High schoolers learn money management

RICHMOND, VA (WWBT) - This fall, the Virginia Board of Education has decided that high school students, starting with the class of 2014, will have to a class in how to manage money, credit cards, and debt. Two local companies, Union Bank and Genworth, have teamed up to bring an interactive program into local schools to help students meet that requirement.

These students are learning something they often don't learn in school. How to manage their money.

Said Huguenot High School junior Janickal Hanson, "I've learned about different types of savings accounts, how to budget my money, the risk of stocks and bonds, investing my money long term, short term, different options I have."

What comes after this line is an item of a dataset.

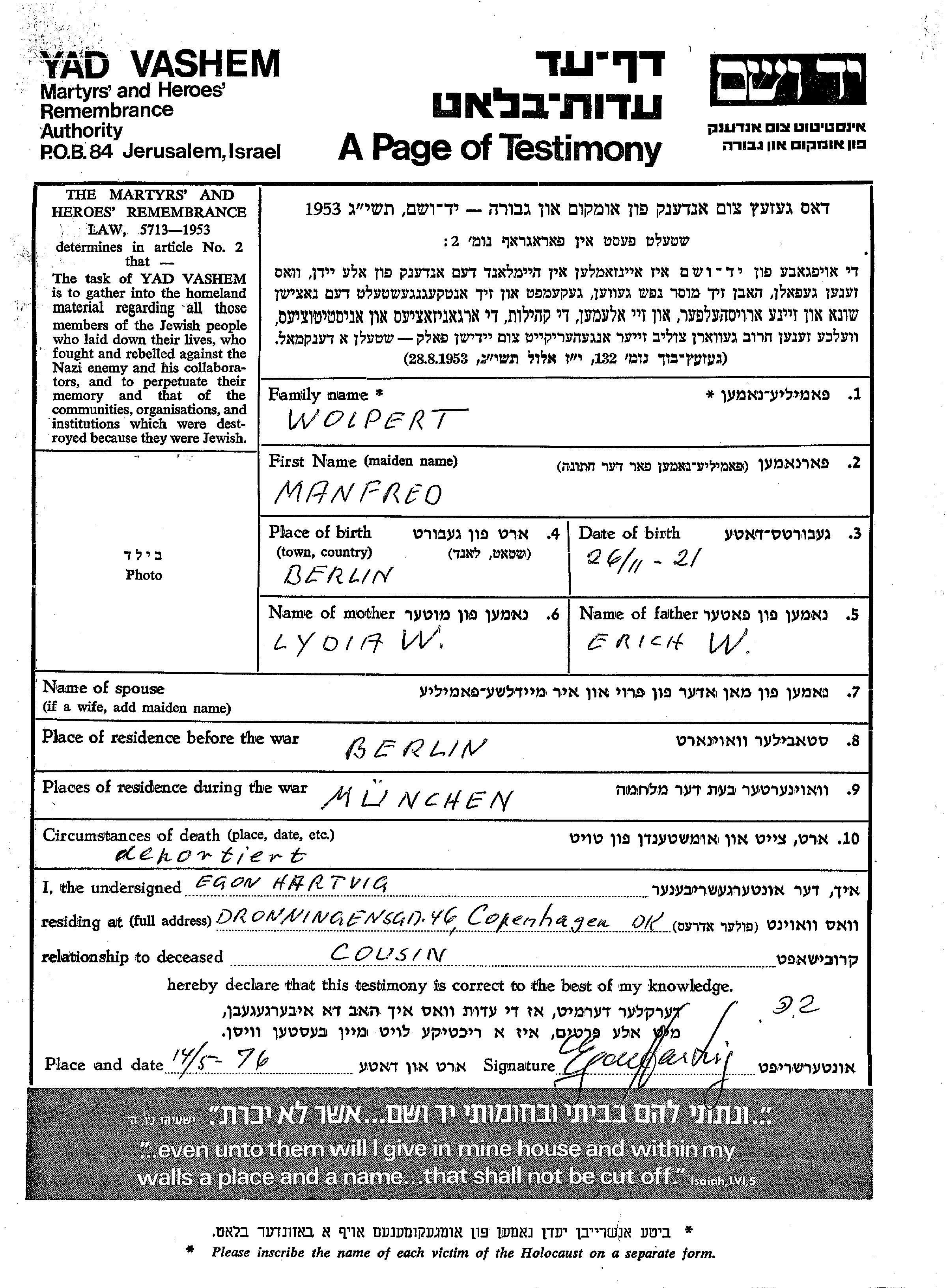 Manfred Wolpert wurde im Jahr 1921 in Berlin, Deutsches Reich geboren. Er war der Sohn von Erich und Lydia. Vor dem Zweiten Weltkrieg lebte er in Berlin, Deutsches Reich. Während des Krieges war er in Munchen, Deutsches Reich.

Added fellow junior Joseph Jeffers, "Credit, bank accounts, retirement plans, IRA, 401K and your 403."

Their class at Huguenot High School is one of hundreds across the state using a new web-based program called "My Money, My Future" from a D.C. company called EverFi. The program engages kids like a video game. There's even an avatar where they make a character's financial decisions.

Explains EverFi's Vice President of Business Development Ryan Swift, "They click around the environment, they meet a narrator who's going to guide them through that module and they complete a series of tasks, usually an animation will include that."

This fall, the Board of Education will start requiring high school students to take financial literacy. Said Swift, "We've mapped our curriculum so that it meets all the standards."

The Genworth Foundation and Union First Market Bank donated the funds to put the program into schools. Said Union Bank President Dave Fairchild, "Kids that get out of school, they're bombarded by opportunities to buy, to increase debt. Some of them have never had an opportunity to understand what that means."

Said Heidi Crapol, Vice President of Community Relations for Genworth Financial, "Now's the time to really give kids the fundamentals of making good choices, rent or buy their first home, go to college and undertake a loan."

The Genworth Foundation is sponsoring the program in 300 schools across the state. Union First Market Bank is sponsoring 70 schools. EverFi hopes to bring the program into even more schools as students are required to learn financial literacy.